His mother suffered from polyhydramnios probably caused by PKS. She also had an amniocentesis but the syndrome didn't show up.
He suffered from breathing problems (distress) and he was in the Neonatal Intensive Care nursery for 4 weeks. He had low muscle tone at birth, sparse scalp hair, a high forehead, a wide space between the eyes, a broad nasal bridge and hypopigmentation (streaks of skin in which there is no colour).

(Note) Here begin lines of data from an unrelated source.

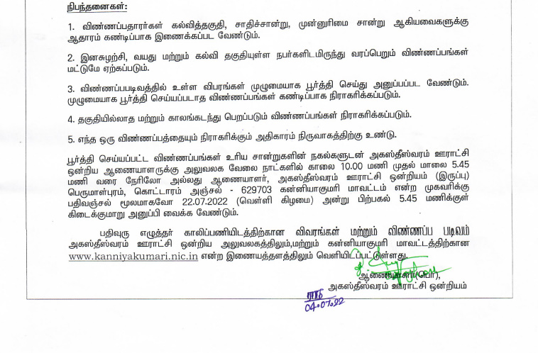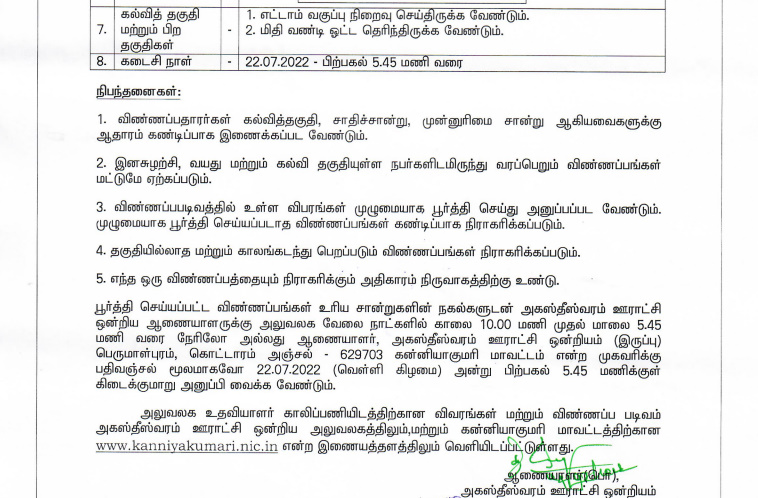 கன்னியாகுமரி மாவட்டம் , அகஸ்தீஸ்வரம் ஊராட்சி ஒன்றிய அலுவலகத்தில் காலியாக உள்ள பதிவுறு எழுத்தர், அலுவலக உதவியாளர் பதவிகளுக்கு வேலைவாய்ப்பு அறிவிப்பு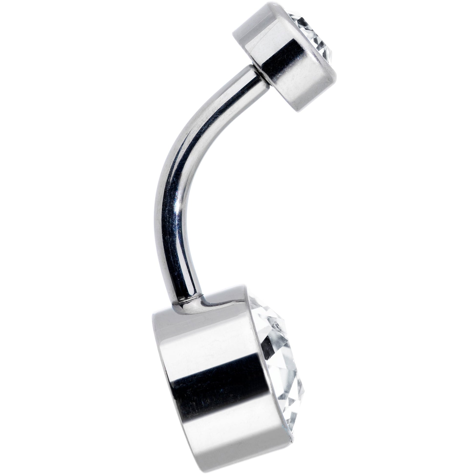 Keeping it simple doesn't mean keeping it boring or sacrificing quality with this 14 gauge navel ring! It's made with a 3/8" solid grade 23 implant grade titanium curved barbell. The 5mm top end and 8mm bottom end feature clear crystals created with Crystals. It's also internally threaded for super comfortable insertion and removal. If you want to add some color and glamour to your belly piercing but keep an elegant appearance, this belly button jewelry has everything you need in one beautiful, comfortable package!Specifications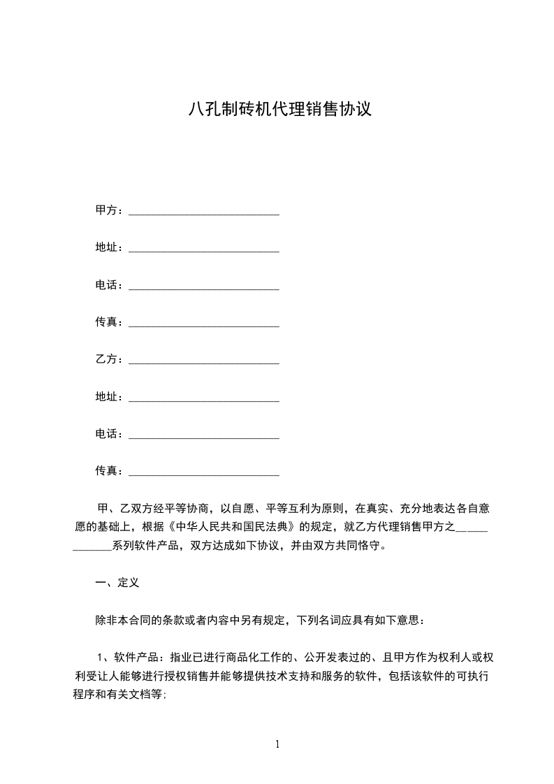 八孔制砖机出租合同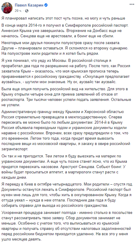 "После того как Россия захватила Крым – оказалось, что моя крымская прописка теперь приравнивается к российскому гражданству. "Оккупация предполагает аусвайсы", - шутили мои знакомые. Ну ок, аусвайс так аусвайс", - пояснил Казарин.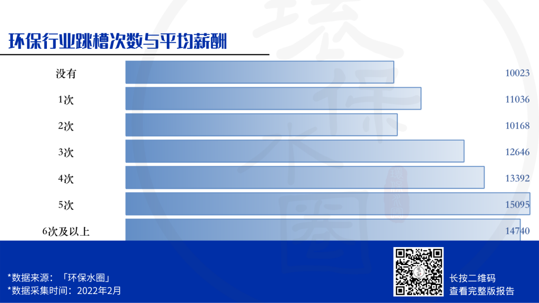 從調(diào)查結(jié)果中可以看到,跳槽經(jīng)歷在3-5次,環(huán)保人的平均薪酬都會有不同幅度的增加。但跳槽頻率不能與次數(shù)劃等號,往往工作三年是一個(gè)分水嶺,高頻率的跳槽不僅對薪資增幅毫不幫助,還會影響個(gè)人能力的提升和經(jīng)驗(yàn)的積累。

I will never forget many of the sensations I had during the first days of Phil's life. The first time I saw him with tubes and wires, the long time he spent in the hospital (4 weeks) with the daily visits taking hundreds of kilometres. The vague explanation that doctors gave us.
We didn't receive very good support from the Italian Health Care system at the beginning and we spent a lot of time in finding the right specialists. PKS was quite mysterious in Italy in 1996 and it still is pretty unknown.At the beginning we wasted a lot of time and money with doctors asserting the strangest hypothesis like the percentage of iron in his blood. One doctor told us that the child was almost perfect, another one told us that he was in terrible conditions. We were really confused and sad.
Phil has been diagnosed with PKS at the age of 20 months. The diagnosis was that 26% of his cells are injured with Tetrasomy 12p 46,XY[37]/47,XY,+i(12p)[13] also known as Pallister-Killian Syndrome.
The syndrome was relatively "new", very poorly spread and studied and it has so many characteristics that could be attributable. Everything about it makes it a complex syndrome to manage.
The approach that we followed was to give low relevance to the genetic aberration itself but instead consider each single symptom individually, concentrating on the problems and trying to solve them one at a time. At the beginning I was disorientated but now I feel it was quite a good way to approach an unknown syndrome. And it is working.